**Dataset entries**

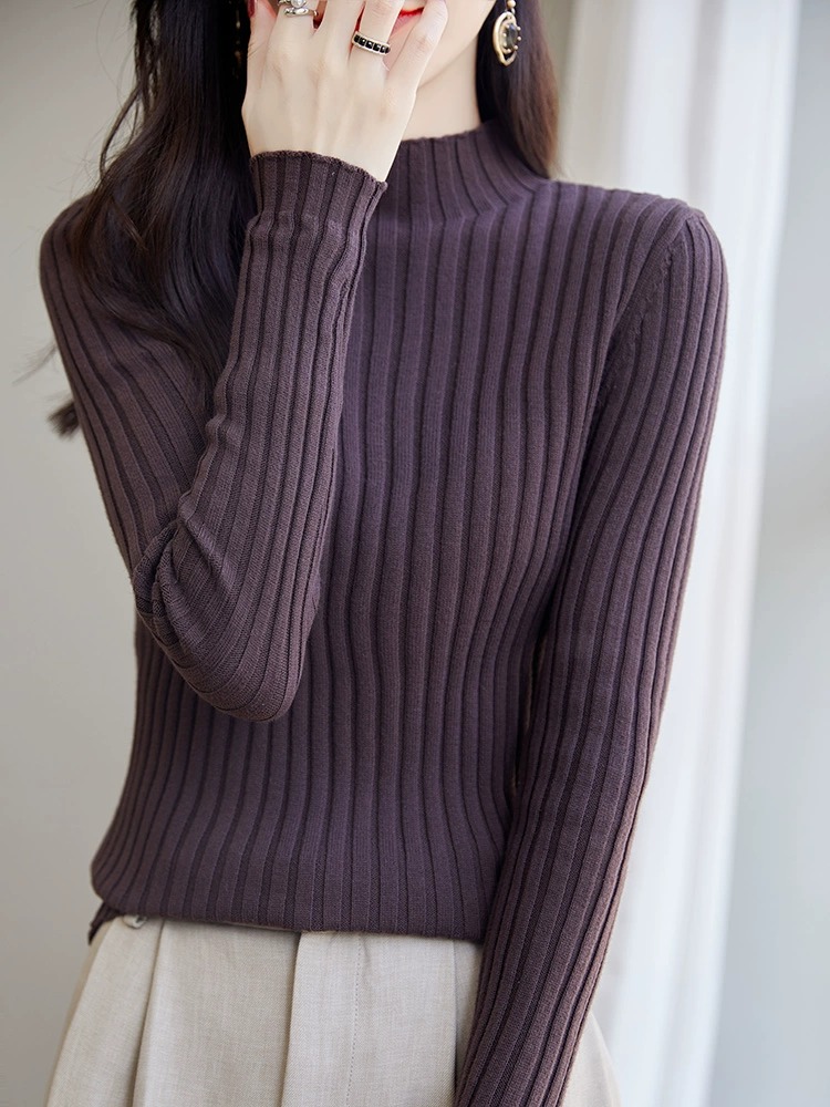100%纯棉线打底衫女内搭修身显瘦2025秋冬新款针织长袖半高领毛衣
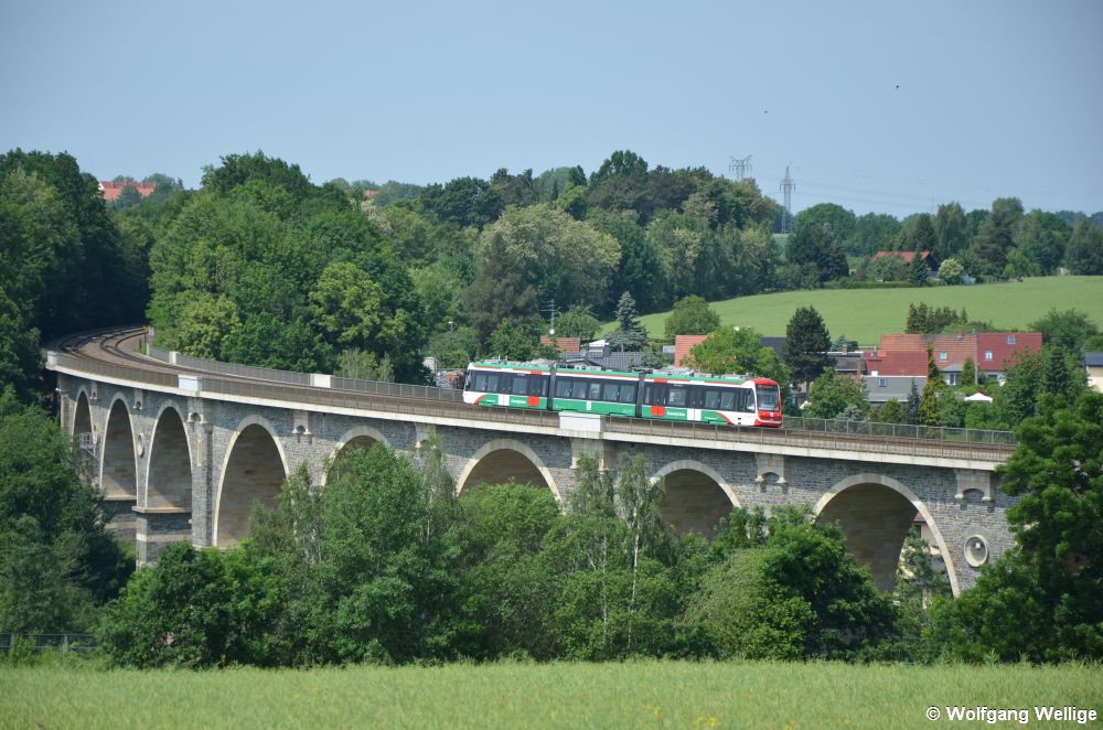 Zweisystem-Straßenbahnwagen 690 442 befährt am 27.05.2018 als ChemnitzBahn-Linie C13 den Bahrebachmühlenviadukt im Chemnitzer Stadtteil Borna
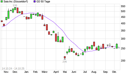Mit dem Rücksetzer auf 250,00 EUR hat die Saia-Aktie am 13.10.2025 die 50-Tage-Linie nach unten gekreuzt.
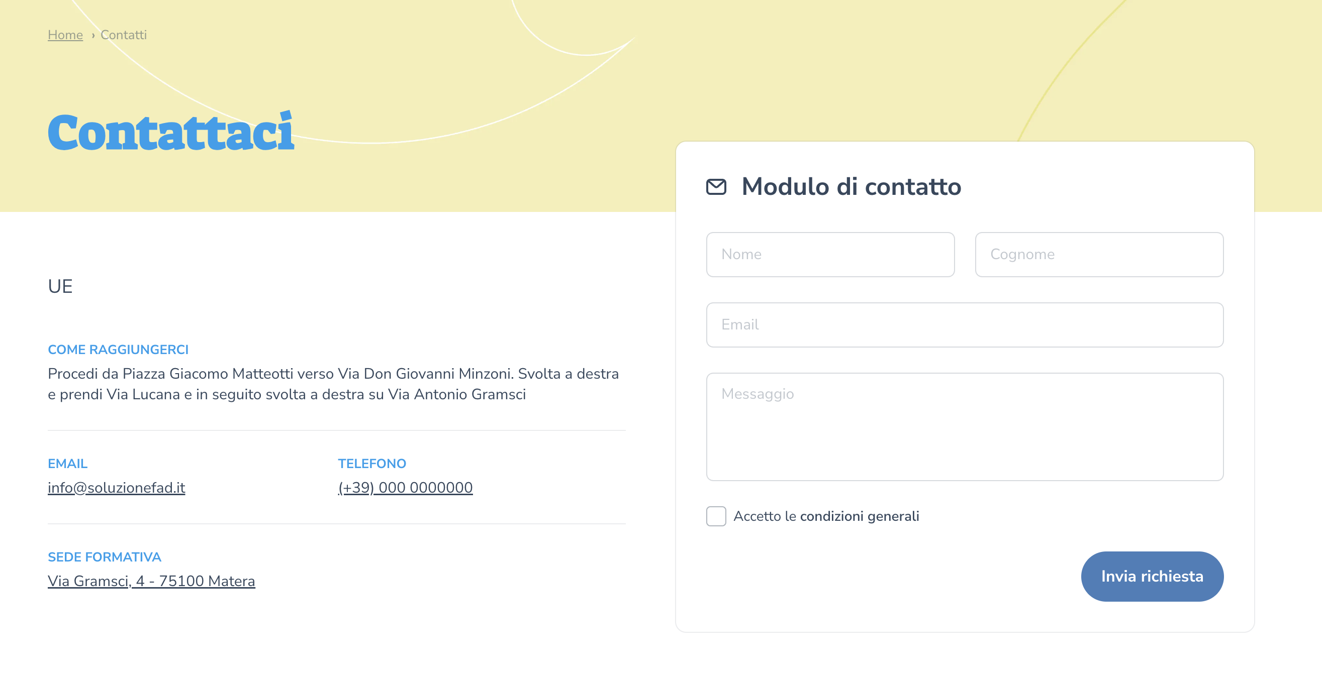 Punti di forza: gestisci tre box informativi, ciascuno composto da titolo e descrizione, utili per evidenziare i vantaggi competitivi della tua offerta (es. master, corsi accreditati, workshop). I punti di forza sono visibili nella pagina CHI SIAMO e nel box CLAIM presente in HOME.
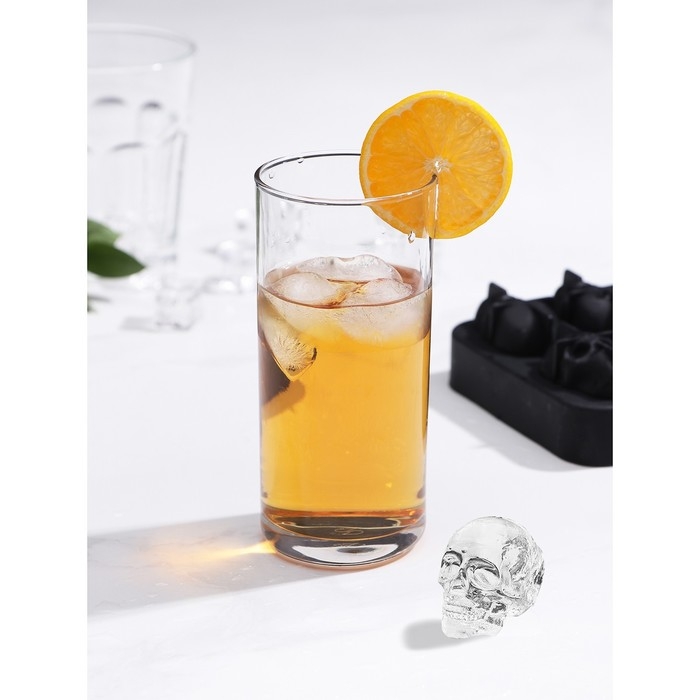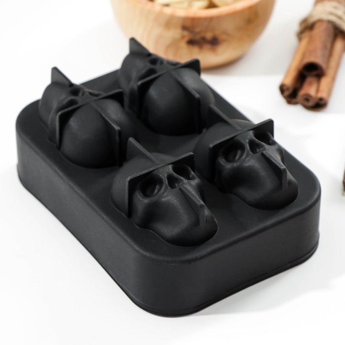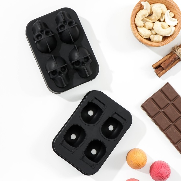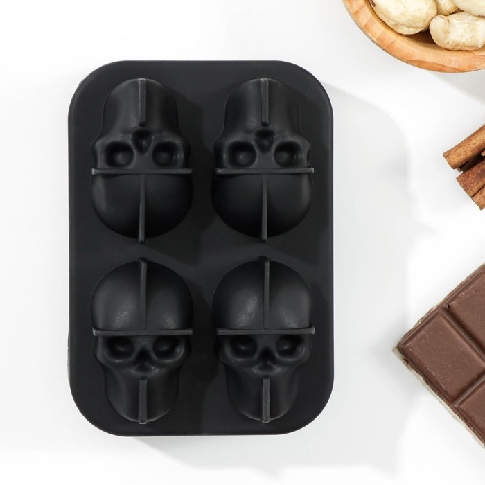 Форма для льда «Череп», силикон, 11×8×4,5 см, 4 ячейки (4,4×2,7 см), цвет чёрный
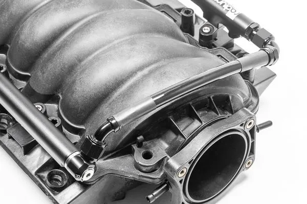 The inlet fitting permits the use of the OEM SAE quick connector. A PTFE -8AN crossover hose is used for the front of the rails. Plugs are provided for all unused ports: (LH rear, RH rear port, and RH center).

**Task to complete**
Reproduce each line of the records exactly, and omit every picture.

**Answer section**
100%纯棉线打底衫女内搭修身显瘦2025秋冬新款针织长袖半高领毛衣
 Zweisystem-Straßenbahnwagen 690 442 befährt am 27.05.2018 als ChemnitzBahn-Linie C13 den Bahrebachmühlenviadukt im Chemnitzer Stadtteil Borna
Mit dem Rücksetzer auf 250,00 EUR hat die Saia-Aktie am 13.10.2025 die 50-Tage-Linie nach unten gekreuzt.
 Punti di forza: gestisci tre box informativi, ciascuno composto da titolo e descrizione, utili per evidenziare i vantaggi competitivi della tua offerta (es. master, corsi accreditati, workshop). I punti di forza sono visibili nella pagina CHI SIAMO e nel box CLAIM presente in HOME.
 Форма для льда «Череп», силикон, 11×8×4,5 см, 4 ячейки (4,4×2,7 см), цвет чёрный
 The inlet fitting permits the use of the OEM SAE quick connector. A PTFE -8AN crossover hose is used for the front of the rails. Plugs are provided for all unused ports: (LH rear, RH rear port, and RH center).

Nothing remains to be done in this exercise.